** What you have to do **
The full listing, returned exactly and free of pictures, is the expected answer.
= Beginning of Section =
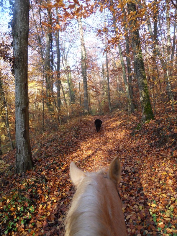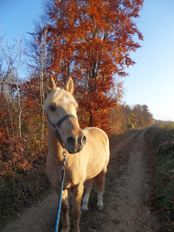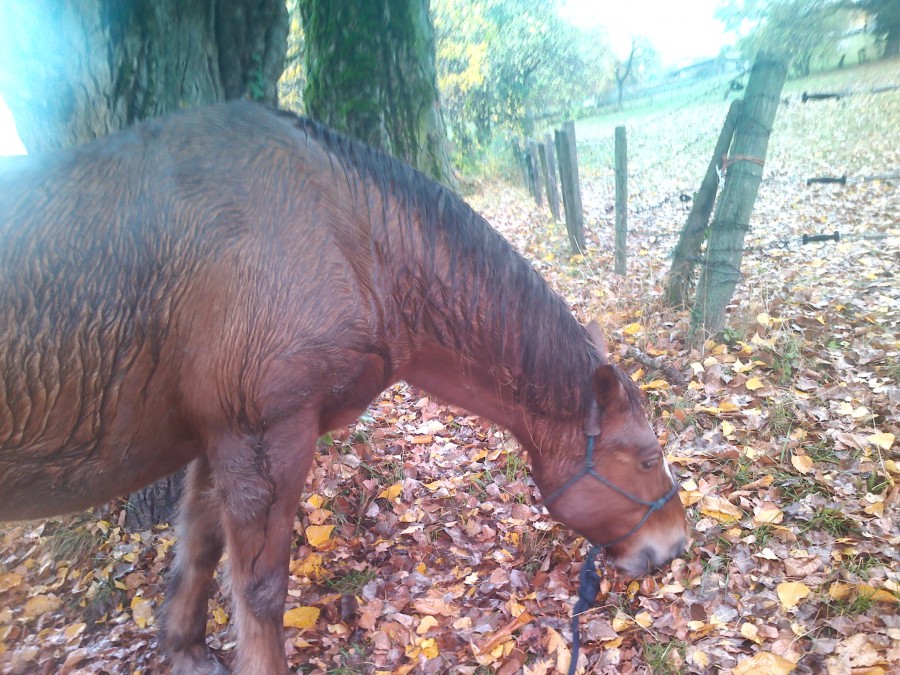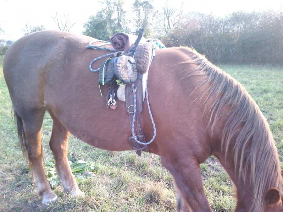 +9km cet après-midi pour profiter du soleil vu le brouillard que nous avons eu toute la semaine. 9km en 2h pour laisser Time aller à son rythme, elle était en mode escargot mais aucunes gènes pour trotter et galoper un petit peu. Il faut dire que tout a bien dégonflé et il n 'y a plus rien, on continue toujours les antibio jusqu'a mardi! Je pense que c'est ça qui la rend "stone". Vieille Kara avait la pêche
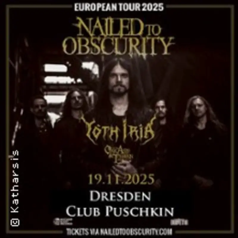 Bitte habe Verständnis dafür, dass wir als Dresden Nightlife für die Veranstaltung Nailed To Obscurity + Yoth Iria || Oak Ash & Thorn (19.11.2025), Club Puschkin keine Gewähr auf Richtigkeit und Vollständigkeit geben können. Diese Informationen werden von Eventim regelmäßig importiert und es kann sein, dass diese Informationen sich kurzfristig geändert haben.
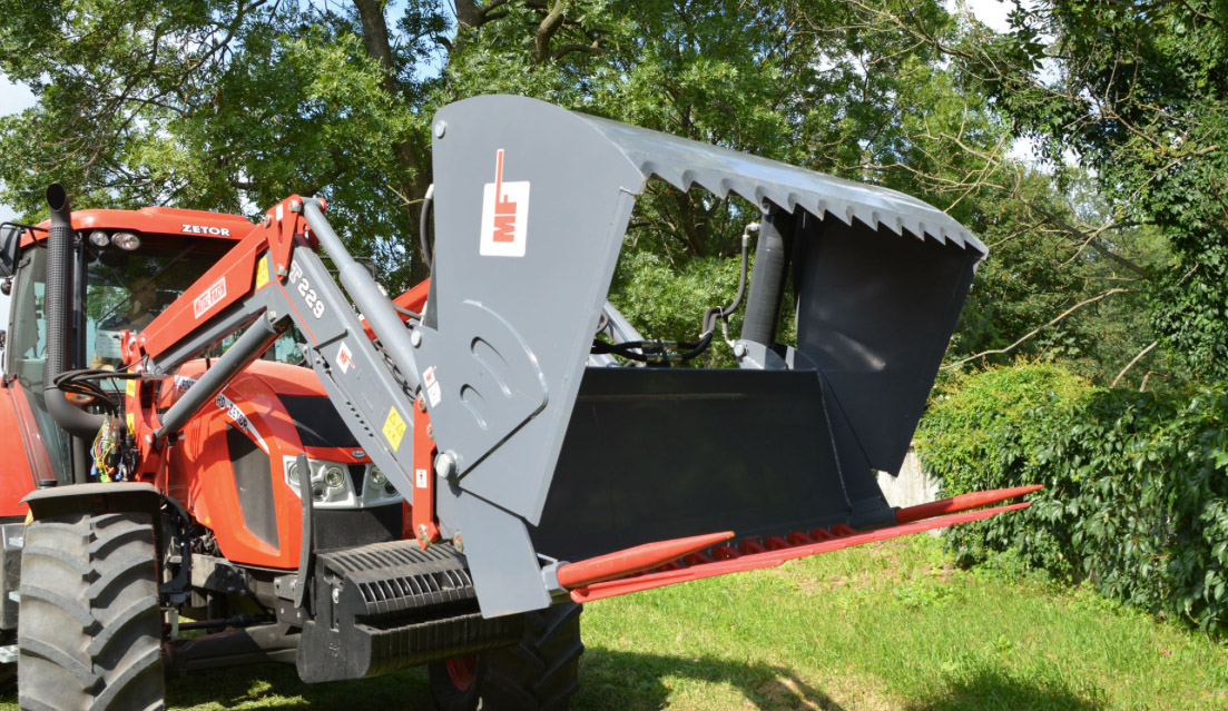 Нарізчик силосу - це пристрій, призначений для вибирання прямо з купи силосу. Надійна і міцна конструкція забезпечує надійну і тривалу роботу. Він оснащений двома циліндрами, що забезпечують більшу силу тиску при різанні матеріалу. Ножі виготовлені з високоякісної сталі. Те що, привертає увагу, це велика кількість зубів. Це рішення забезпечує необхідну міцність, а густе розташування зубів оберігає матеріал і запобігає його висипання під час транспортування. З метою підвищення стабільності і довговічності конструкції, введені два додаткових зміцнення з боків. Машина може бути прикріплена за допомогою систем EURO / SMS.
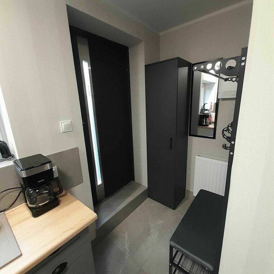 • korytarzyka z szafą na ubrania i stojakiem na buty.
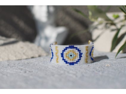 Široký tkaný náramek z japonských korálků TOHO s motivem řeckého oka a zlatými detaily. Elegantní ochranný symbol v moderním provedení.
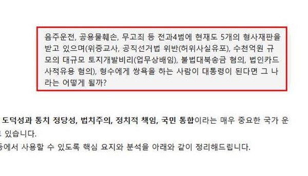 이어 '2. 도덕성 문제-공적 리더십의 붕괴'에서는 "음주운전, 무고, 공용물 훼손, 욕설 등은 일반 국민조차도 비판받는 행위"라며 특히 '형수에게 쌍욕'을 한 사실은 "국민적 정서와 윤리의 기준을 심각하게 췌손"이라고 평가했다. 그러면서 "도덕적 권위가 없는 지도자는 외교, 군 통수, 갈등 조정에서 설득력을 갖기 어려움"이라고 분석했다.
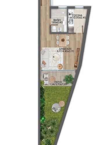 U-009: 33 m2 Construidos + 21 m2 de Patio – con Cocina Definida (USD 135.000).
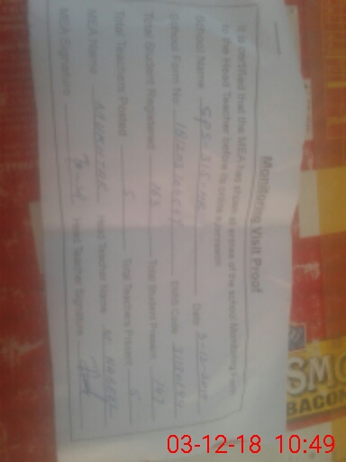 | Certified that this School was Inspected by the Undersigned MEA/DMO Today and the Information Stated Above is as Per Record. | |||||
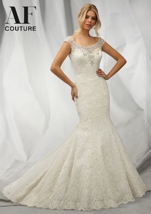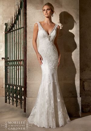 This dress from the Mori Lee designer collection is the epitome of glamour, with timeless and classic details. The sateen finish of the slip beneath the lace overlay renders a luxurious touch to this dress, even as captivating floral lace appliques course all over the bodice and skirt. Although the dress doesn’t have sleeves, the high illusion bateau neckline gives it the modest touch it deserves. Princess seams run along the fit and flare silhouette and are another classic element that defines the structured silhouette, making it even more endearing. The rich and tasteful elegance of the lace motifs placed artistically over the entire dress and the 3-D effect crafted out of the lace over the satin slip adds to its charm. At the back is a rounded scoop neckline that can easily be covered under a veil.
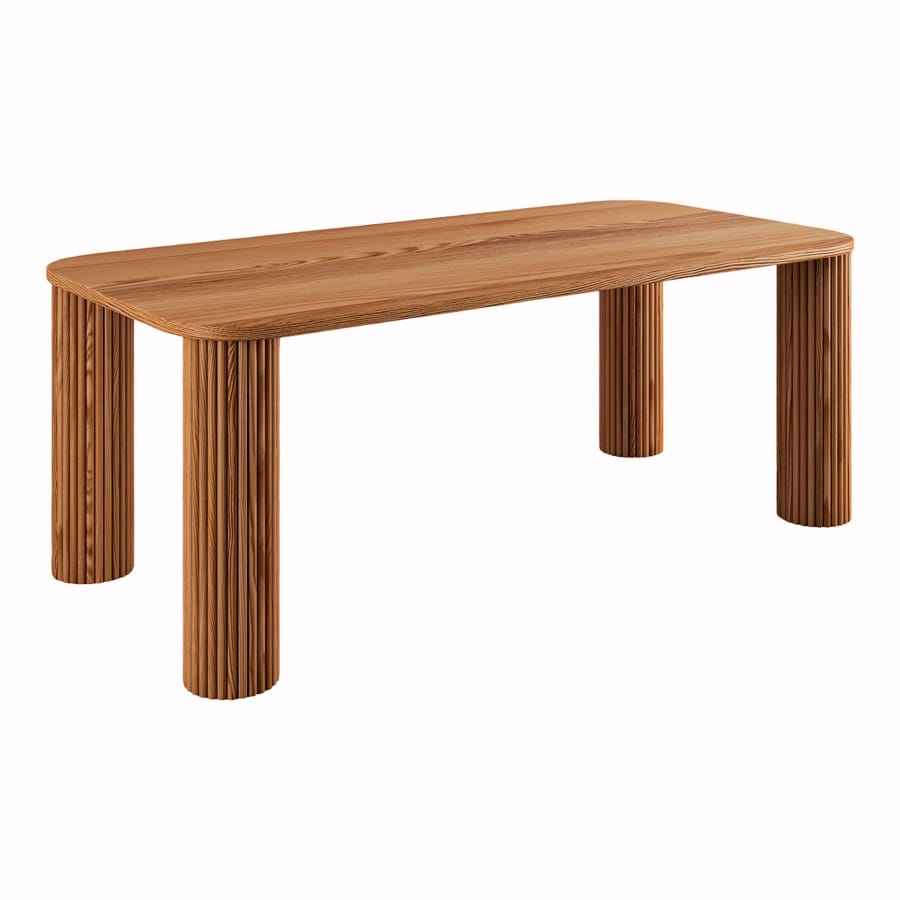 Table à manger rectangulaire moderne en bois avec conception de jambe cylindrique cannelée unique pour les restaurants et la maison.
= End of Section =
** Solution for this task **
 +9km cet après-midi pour profiter du soleil vu le brouillard que nous avons eu toute la semaine. 9km en 2h pour laisser Time aller à son rythme, elle était en mode escargot mais aucunes gènes pour trotter et galoper un petit peu. Il faut dire que tout a bien dégonflé et il n 'y a plus rien, on continue toujours les antibio jusqu'a mardi! Je pense que c'est ça qui la rend "stone". Vieille Kara avait la pêche
 Bitte habe Verständnis dafür, dass wir als Dresden Nightlife für die Veranstaltung Nailed To Obscurity + Yoth Iria || Oak Ash & Thorn (19.11.2025), Club Puschkin keine Gewähr auf Richtigkeit und Vollständigkeit geben können. Diese Informationen werden von Eventim regelmäßig importiert und es kann sein, dass diese Informationen sich kurzfristig geändert haben.
 Нарізчик силосу - це пристрій, призначений для вибирання прямо з купи силосу. Надійна і міцна конструкція забезпечує надійну і тривалу роботу. Він оснащений двома циліндрами, що забезпечують більшу силу тиску при різанні матеріалу. Ножі виготовлені з високоякісної сталі. Те що, привертає увагу, це велика кількість зубів. Це рішення забезпечує необхідну міцність, а густе розташування зубів оберігає матеріал і запобігає його висипання під час транспортування. З метою підвищення стабільності і довговічності конструкції, введені два додаткових зміцнення з боків. Машина може бути прикріплена за допомогою систем EURO / SMS.
 • korytarzyka z szafą na ubrania i stojakiem na buty.
 Široký tkaný náramek z japonských korálků TOHO s motivem řeckého oka a zlatými detaily. Elegantní ochranný symbol v moderním provedení.
 이어 '2. 도덕성 문제-공적 리더십의 붕괴'에서는 "음주운전, 무고, 공용물 훼손, 욕설 등은 일반 국민조차도 비판받는 행위"라며 특히 '형수에게 쌍욕'을 한 사실은 "국민적 정서와 윤리의 기준을 심각하게 췌손"이라고 평가했다. 그러면서 "도덕적 권위가 없는 지도자는 외교, 군 통수, 갈등 조정에서 설득력을 갖기 어려움"이라고 분석했다.
 U-009: 33 m2 Construidos + 21 m2 de Patio – con Cocina Definida (USD 135.000).
 | Certified that this School was Inspected by the Undersigned MEA/DMO Today and the Information Stated Above is as Per Record. | |||||
 This dress from the Mori Lee designer collection is the epitome of glamour, with timeless and classic details. The sateen finish of the slip beneath the lace overlay renders a luxurious touch to this dress, even as captivating floral lace appliques course all over the bodice and skirt. Although the dress doesn’t have sleeves, the high illusion bateau neckline gives it the modest touch it deserves. Princess seams run along the fit and flare silhouette and are another classic element that defines the structured silhouette, making it even more endearing. The rich and tasteful elegance of the lace motifs placed artistically over the entire dress and the 3-D effect crafted out of the lace over the satin slip adds to its charm. At the back is a rounded scoop neckline that can easily be covered under a veil.
 Table à manger rectangulaire moderne en bois avec conception de jambe cylindrique cannelée unique pour les restaurants et la maison.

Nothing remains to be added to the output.